Compare "charcoal kiln" with
"Conveyor Furnace". (Warning, annoying music)
Essentially, you build several lengths of very large diameter magma safe tubing to serve as passive radiators, and run a powered chain driven minecart track on it. You control the heat in the furnace through spacing the magma heated elements, and allow natural convection to drive air currents inside the furnace. This allows some portions of the furnace wall to act as heat sinks, while others to act as heaters, with heat holding at a lower temperature than pure magma. A reducing environment (Free of atmospheric oxygen, so chemically bound oxygen must combine with hot carbon atoms to form carbon oxide gasses, likewise with sodium and potasium ions, who are reduced and then turned into free ions from the heat, which gas out. Putting a chemical reservoir for these ions to be attracted to, like low sodium, high silicon oxide glass insulation, would effectively remove them from the equation.) is achieved by sealing load inside a
saggar, with a sealable lid, possibly with a one-way valve, and an unlockable keyhole.
Basically, when the load enters on the conveyor, It is stacked up inside a sealable airtight box that can survive the firing temperatures. Inside this box the alkaline earth absorbing material (Spun silicon oxide glass, made without flux) is set up as a series of walls arranged to come into contact with circulating gasses inside the saggar. The wood is stacked inside the saggar, and the lid is put on. The lid and saggar are designed to be held on via a simple twist-key type arrangement. The lid has a one-way checkvalve on it, to allow hot gasses to escape, but not to allow gasses back into the saggar. The conveyor conveys the saggars slowly down the track, where they get heated by IR exposure to the tube walls in the sections that are submerged in magma. Repeated flash heating, coupled with continuous movement of the conveyor, and the refractory nature of the saggars, produces a thermally controlled furnace environment suitable to controlled charcoal making.
Chemically:
Cellulose contains enough hydrogen and oxygen to almost completely destroy the load, even under reducing conditions.
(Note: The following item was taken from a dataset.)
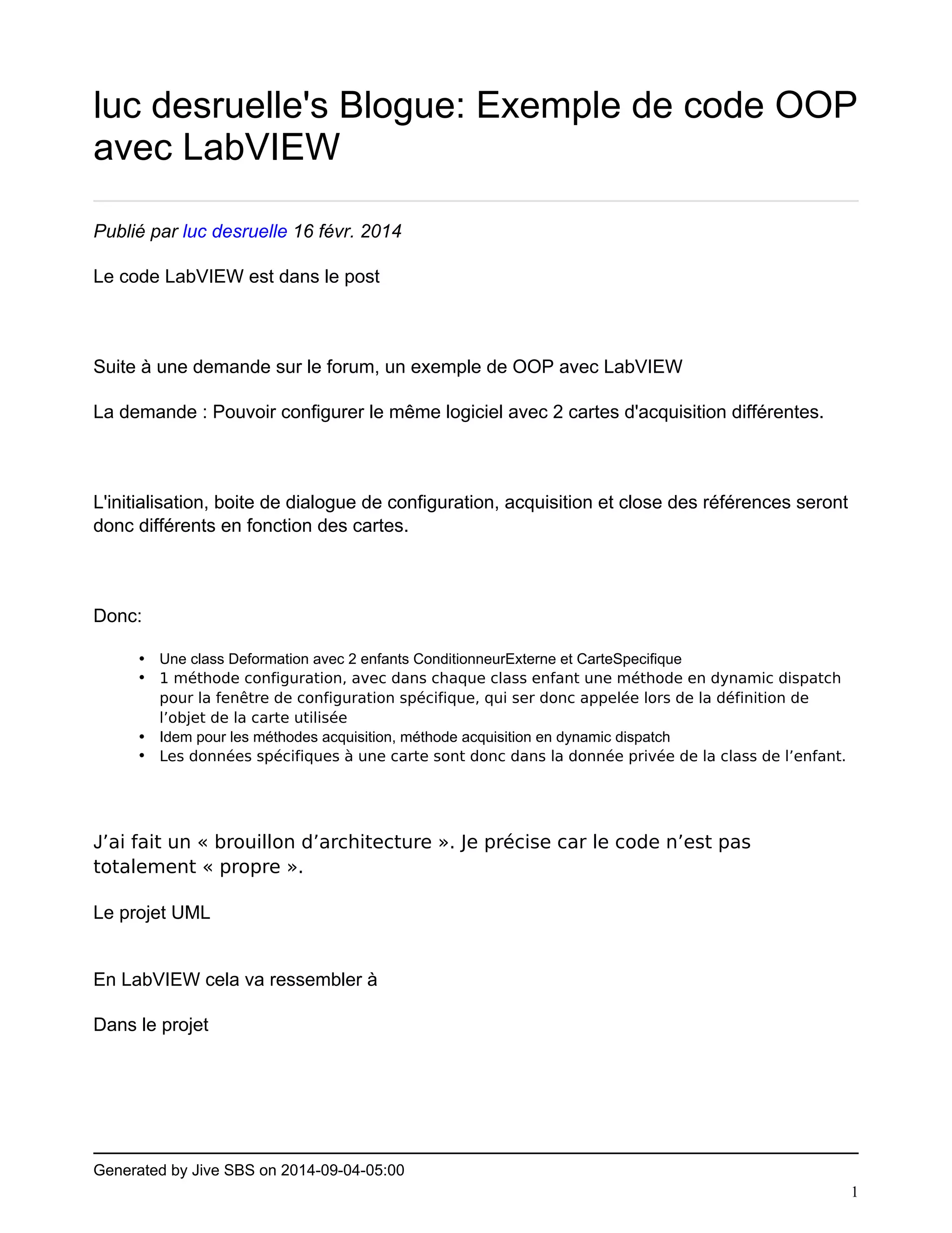 Le document présente un exemple de programmation orientée objet (OOP) avec LabVIEW, notamment l'utilisation de classes pour gérer deux cartes d'acquisition différentes. Il aborde également la question de la réutilisation des classes OOP entre plusieurs projets, suggérant l'importance de maintenir un seul code source et d'utiliser des dépôts SCC pour la gestion du code. Enfin, l'auteur participe à des échanges avec la communauté pour améliorer l'architecture des projets utilisant cette approche.

C6H1206*(length of chain, since cellulose is just a complex repetition of simple sugar in a long chain.)
In addition to that, you have sodium and potassium ions, nitrate complex ions, and other things you need to remove, like chlorine.
You heat the material to just under the kindling point, so that the bound oxygen and hydrogen from the cellulose gasses off, leaving carbon behind. Because most of the energy liberated by this inefficient burn is immediately consumed by the formation of hydrogen and oxygen covalent bonds, and is not sufficiently hot to break those down again, (Eg, NOT on fire!), then those gasses escape from the load under pressure, and out through the checkvalve. At these low temps, we can use mild steel to make the valves and latches on the saggars. (they WILL degrade over time, but this should be an expected feature of the product lifecycle, and saggars should be inspected before reuse.)
Once the gassing has stopped, the checkvalve snaps shut, and the saggar continues down the track through the more intensely heated section.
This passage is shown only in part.